Let’s talk about Organizing Keys

If you’ve invested any time researching Netezza, you’ll be at least passingly familiar with the myriad features IBM supplies to improve query performance through table design. In case you haven’t done the research — or if you’re confused by all the options — I’ll list them here:

  1. Define Distribution Keys
  2. Define Organizing Keys

This blog is not about Distribution Keys. Sorry if you came for that — another time, perhaps.

Organizing Keys. What are they? If, like me, you came from an Oracle world of Indexes and Partitions, and you’re hoping they’re kinda the same because that would make life easier for you — sorry, they’re not. If, on the other hand, you’re from the SQL Server world of ubiquitous Clustered Indexes, then I have good news: same kinda thing. Sort of.

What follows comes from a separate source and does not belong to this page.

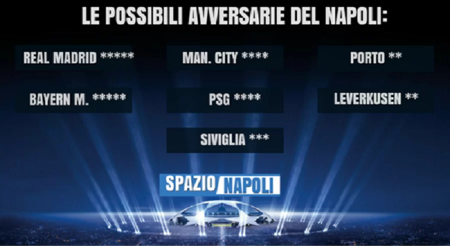 NAPOLI – Può incontrare tutte (Real Madrid, Bayern Monaco, Manchester City, Psg, Siviglia, Leverkusen e Porto), tranne il Benfica.

When you define an Organizing Key on a table, Netezza will physically re-arrange the data in your table so that rows with the same (or similar) key are co-located in the same disk extent. How does this help? Well, in the most common case, you “organize” the table on (say) the TRANSACTION_DATE to get all of the newest rows stored together (you can think of the table as being sorted). Then when you go to query the table for a single day’s data, or a short date range, Netezza can ignore 99% of the disk extents because the Zone maps say they will contain no matching rows.

(Whoa! What’re Zone maps? I thought you said there were only two things?)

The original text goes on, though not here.